ASSIGNMENT OF ERROR I
"THE LOWER COURT ERRED IN PERMITTING THE APPELLEE TO PRESENT OTHER ACTS TESTIMONY FROM WITNESSES BECAUSE SUCH TESTIMONY SHOULD HAVE BEEN EXCLUDED PURSUANT TO EVID.R. 401, EVID.R. 402, EVID.R. 403, EVID.R. 404(B) AND R.C. 2945.59."

{¶ 4} In his first assignment of error, Appellant contends that the trial court erred in permitting the State to present other acts testimony from witnesses in violation of the Rules of Evidence. We disagree.

{¶ 5} A trial court possesses broad discretion with respect to the admission of evidence. State v. Ditzler (Mar. 28, 2001), 9th Dist. No. 00CA007604, at *2, *Page 4 citing State v. Maurer (1984), 15 Ohio St.3d 239, 265. An appellate court will not overturn the decision of a trial court regarding the admission or exclusion of evidence absent a clear abuse of discretion that has materially prejudiced the defendant. Ditzler, supra. See, also,State v. Ali (Sept. 9, 1998), 9th Dist. No. 18841. An abuse of discretion is more than an error of judgment, but instead demonstrates "perversity of will, passion, prejudice, partiality, or moral delinquency." Pons v. Ohio State Med. Bd. (1993), 66 Ohio St.3d 619,621. When applying the abuse of discretion standard, an appellate court may not substitute its judgment for that of the trial court. Id.
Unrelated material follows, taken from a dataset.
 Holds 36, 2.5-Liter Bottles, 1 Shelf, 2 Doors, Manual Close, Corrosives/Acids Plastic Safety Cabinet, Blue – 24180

{¶ 6} The Supreme Court of Ohio has articulated two requirements for the admission of other acts evidence. State v. Broom (1988),40 Ohio St.3d 277, 281. First, substantial evidence must prove that the other acts were committed by the defendant as opposed to another person. Id. Second, the other acts evidence must fall within one of the theories of admissibility enumerated in Evid.R. 404(B). Id., see, also, State v.Lowe (1994), 69 Ohio St.3d 527, 530.
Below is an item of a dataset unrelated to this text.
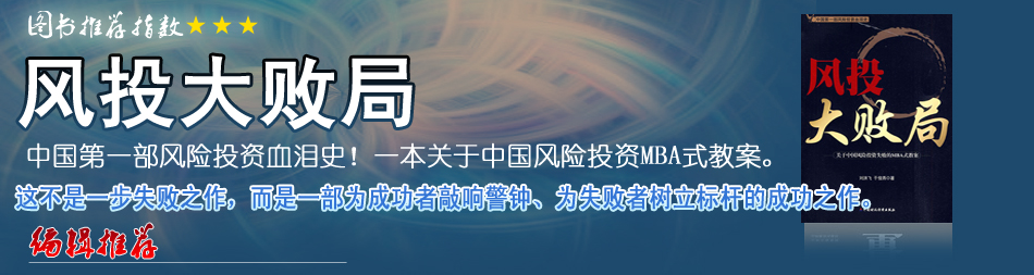| 隨著時代的進步,經濟的發(fā)展,風險投資已開始在中國遍地開花。許許多多優(yōu)秀的企業(yè)都離不開風投,然后并不是所有的風投都是成功的,失敗的卻也不少。本書講述了亞信、UT斯達康、億唐、8848、港灣網絡、Web2.0、PPG等知名企業(yè)通過風險投資曾一度走向輝煌,最終沒落的全過程。揭示了風投與企業(yè)之間微妙的關系和不為人知的內幕。七個風投失敗的案例,為投資者指明了哪些是暗礁,哪些是雷區(qū)。同時,也為企業(yè)家敲響了警鐘,告訴他們在與資本合作時,哪些游戲規(guī)則必須遵守,哪些游戲規(guī)則可以越界。在風險投資被越來越多的企業(yè)追捧、資本經濟飛速發(fā)展的今天,該書起到了一面鏡子的作用,能夠讓風投投準企業(yè)的同時,也能讓企業(yè)找準風投。只有如此,才能達到雙贏。 |

{¶ 7} Evid. R. 404(B) provides that evidence of prior criminal acts completely independent of the crime for which a defendant is being tried may be admissible for purposes other than proving the conformity of an accused with a certain character trait exhibited during the incident in question. Specifically, Evid.R. 404(B) provides the following:

"Evidence of other crimes, wrongs, or acts is not admissible to prove the character of a person in order to show that he acted in conformity *Page 5 therewith. It may, however, be admissible for other purposes, such as proof of motive, opportunity, intent, preparation, plan, knowledge, identity, or absence of mistake or accident." (Emphasis added).

{¶ 8} Proof of one of the purposes set forth in Evid.R. 404(B) must go to an issue which is material in proving the defendant's guilt for the crime at issue. State v. DePina (1984), 21 Ohio App.3d 91, 92, citingState v. Burson (1974), 38 Ohio St. 2d 157, 158.
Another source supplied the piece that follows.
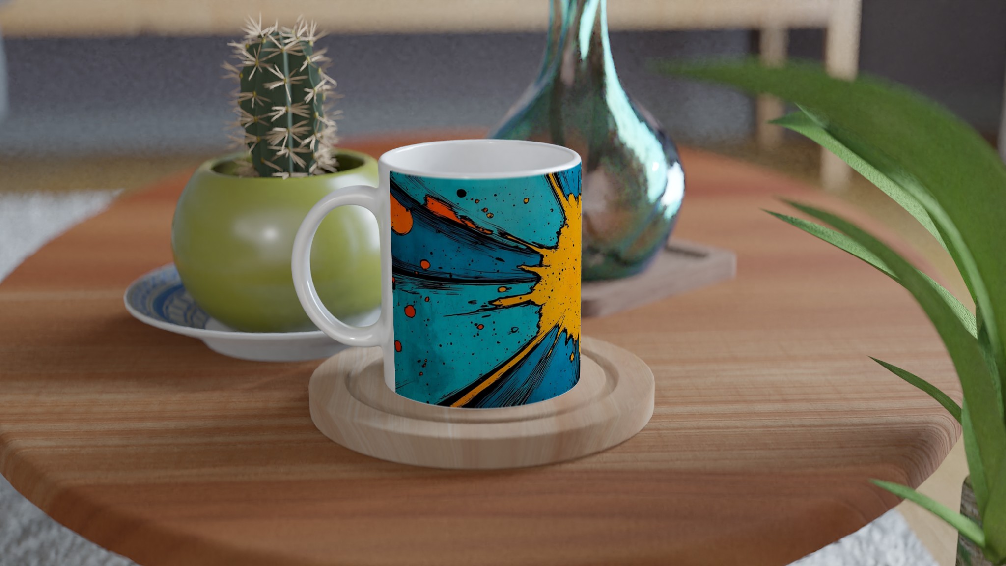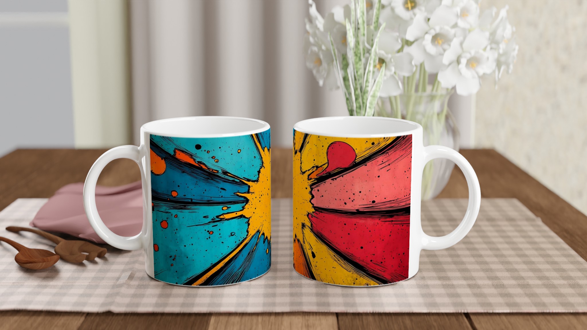 Vibrant Pop Art Burst – Ceramic Coffee Mug 11oz, in your choice of seven dynamic colors!

{¶ 9} In the instant case, Appellant was charged with domestic violence against his girlfriend who was pregnant with his child. During her testimony, Breinich testified that Cook had come over and the two had gotten into a physical fight. Breinich claimed that she started the fight by calling Cook names, then hitting her. She stated that they "tore up the living room" during the fight. Breinich's testimony on the witness stand directly contradicted statements she made to paramedics at the time of the incident that Appellant, the father of her unborn child, hit her. As such, Breinich's testimony put Appellant's identity in question.